Freedman and Diaconis use the interquartile range to estimate the standard deviation: ${\displaystyle \sigma \sim \phi ^{-1}(0.75)-\phi ^{-1}(0.25)}$^[4] where ${\displaystyle \Phi }$ is the cumulative distribution function for a normal density. This gives the rule

${\displaystyle {\text{Bin width}}=2\,{{\text{IQR}}(x) \over {\sqrt[{3}]{n}}}}$

where ${\displaystyle \operatorname {IQR} (x)}$ is the interquartile range of the data and ${\displaystyle n}$ is the number of observations in the sample ${\displaystyle x}$. In fact if the normal density is used the factor 2 in front comes out to be ${\displaystyle \sim 2.59}$,^[4] but 2 is the factor recommended by Freedman and Diaconis.

Other approaches

 

10000 samples from a normal distribution data binned using different rules. The Freedman-Diaconis rule results in 61 bins, the Scott rule 48 and Sturges' rule 15.

With the factor 2 replaced by approximately 2.59, the Freedman–Diaconis rule asymptotically matches Scott's Rule for data sampled from a normal distribution.
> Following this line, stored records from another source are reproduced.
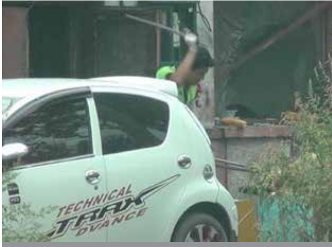
图37:犬只被逐只用铁钳夹住颈部从笼具里拖出 图38:随后工作人员用棍子猛击犬只头部打晕犬只，再送进里屋的屠宰间

犬只被屠宰后皮卡车又将这些狗肉运往了“群众砂锅狗肉鲜”餐馆，我们继续一路追踪这辆车来到餐馆。车主在皮卡卸货之后，就马上离开了。接着调查员进入餐厅并伪装成食客叫了一些没有狗肉的菜品，希望能有机会和饭店老板攀谈。调查员问到犬只的来源，服务员告诉我们是从小村农家收购后自己养着需要时再自己屠宰，保证健康安全。这个说法明显跟我们看到的事实不符。她还介绍说餐馆每天会消耗10只狗左右，她从小就在这家餐馆吃饭，馆子经营了20多年了，以狗肉为主，而且生意很好，饭点的时候基本上客满。最后结账的时候，我们再次叫来老板询问犬只的来源。老板还是说犬只是从农村收购后，自己杀的。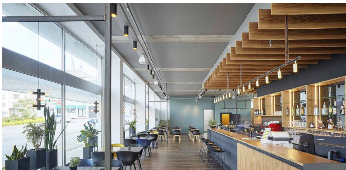
Bar - Restaurant - ISLANDE - Plafond acoustique couleur Installation : ENSO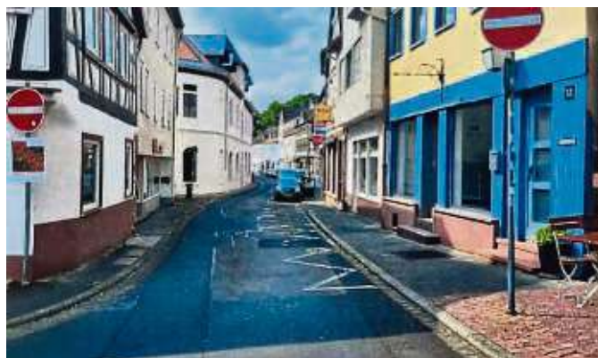
So sieht die Röther Gasse heute aus...

Die Kinos würden zu einer städtebaulichen Einheit durch einen verbindenden „Roten Teppich“ im Asphalt. az

Another approach is to use Sturges's rule: use a bin width so that there are about ${\displaystyle 1+\log _{2}n}$  non-empty bins, however this approach is not recommended when the number of data points is large.^[4] For a discussion of the many alternative approaches to bin selection, see Birgé and Rozenholc.^[5]

References

1. Freedman, David; Diaconis, Persi (December 1981). "On the histogram as a density estimator: L₂ theory". Probability Theory and Related Fields. 57 (4): 453–476. CiteSeerX 10.1.1.650.2473. doi:10.1007/BF01025868. ISSN 0178-8051. S2CID 14437088.
2. D.W. Scott (1979). "On optimal and data-based histograms". Biometrika. 66 (3): 605–610. doi:10.1093/biomet/66.3.605. JSTOR 2335182.
3. Scott, D.W. (2009). "Sturges' rule". WIREs Computational Statistics. 1 (3): 303–306. doi:10.1002/wics.35. S2CID 197483064.
4. D.W. Scott (2010). "Scott's Rule". Wiley Interdisciplinary Reviews: Computational Statistics. 2 (4). Wiley: 497–502. doi:10.1002/wics.103.
5. Birgé, L.; Rozenholc, Y. (2006). "How many bins should be put in a regular histogram". ESAIM: Probability and Statistics. 10: 24–45. CiteSeerX 10.1.1.3.220. doi:10.1051/ps:2006001.